Retribution Gospel Choir @ Lit Lounge

Reading time: 3 – 5 minutes

Wow. I had such a great time last night! I went to see RETRIBUTION GOSPEL CHOIR, which is a project headed by LOW‘s Alan Sparhawk and RED HOUSE PAINTERS‘ Mark Kozelek. Both amazing artists with REAL male singing voices! It’s hard to find a male who can sing, let alone sing well, but these guys are tops! Amazing and emotional and melodic…

Winding our way down into the dungeon-ish pit of LIT in the East Village, Nick and I parked ourselves on a cozy bench seat about 2 feet from the “stage” (a small platform stage). I didn’t know what to expect, as Retribution Gospel Choir have never released a recording, but I figured it would be great. It was.

Washing through walls of sound reverberating throughout the dungeon, Alan Sparhawk’s voice swam through every song like a purpose. I wish I knew all of the songs well enough to include the set list, but two songs stood out: HATCHET and another one about “those damn kids.” Both reached crescendos and harmonies that are a trademark of Alan’s, so this was so inspiring live! Mark Kozelek was not part of this show, for some reason, but that did not diminish the quality by any means. Alan held his own!

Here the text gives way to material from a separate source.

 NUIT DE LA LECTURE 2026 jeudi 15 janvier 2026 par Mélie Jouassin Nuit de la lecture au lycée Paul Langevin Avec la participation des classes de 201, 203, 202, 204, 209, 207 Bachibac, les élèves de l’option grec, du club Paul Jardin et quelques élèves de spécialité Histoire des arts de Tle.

I also loved one of the songs about “I could have been a sailor;” a very dark song about resentment, loss, and If Only’s…

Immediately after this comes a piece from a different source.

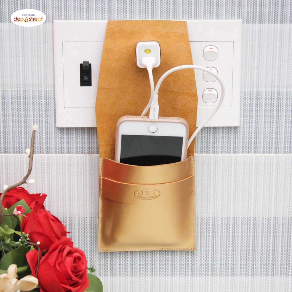 Túi Đỡ sạc điện thoạ da bò thật Để remote -treo sạc điện thoại tiện lợi giúp không gian gọn gàngTúi đựng điện thoại -Đỡ sạc điện thoại Để remote -treo sạc điện thoại tiện lợi giúp không gian gọn gàng

ALAN SPARHAWK of LOW and RGC @ LIT

Oh, I know the one song is called Hatchet because it is on the LIMITED EDITION self-burned discs Alan sold after the show! YAY! I got #461 of 500! YAY!

Now the nicest part of the night was after the show, I was able to talk to Alan as he sold his discs, thanking him for his art! But later, as he was cleaning up in front of our bench, he asked Nick and me if we had seen his bag, found it, but stood talking with us for several minutes! Nothing life-changing or profound, but it was really invigorating to actually talk to someone who sings to me nearly every day.

Love that.

Nick and I then sauntered over to NOWHERE bar and hung out for quite a while before he retired to the subway to take himself home. I went on to meet JohnC and Phil and Roy at G & Barracuda for a meaningless, lingering night of silliness and flirtations.

Next concert is METRIC! I cannot WAIT! I hope I have a date by then; that would be fun! So far, Nick, Cyprus, Johnny, and I are going, but I have an extra ticket for my yet-to-be-determined-date!

See,… I continue to think positively!

AND… I’m thinking ahead!

Our friend, Matt, will arrive from San Francisco the day of METRIC. I can’t wait to see him! It’s strange how comforting some people can be just by being alive. Matt and Myke, my pals from California, are very much like that.

It’s good to have that in one’s life.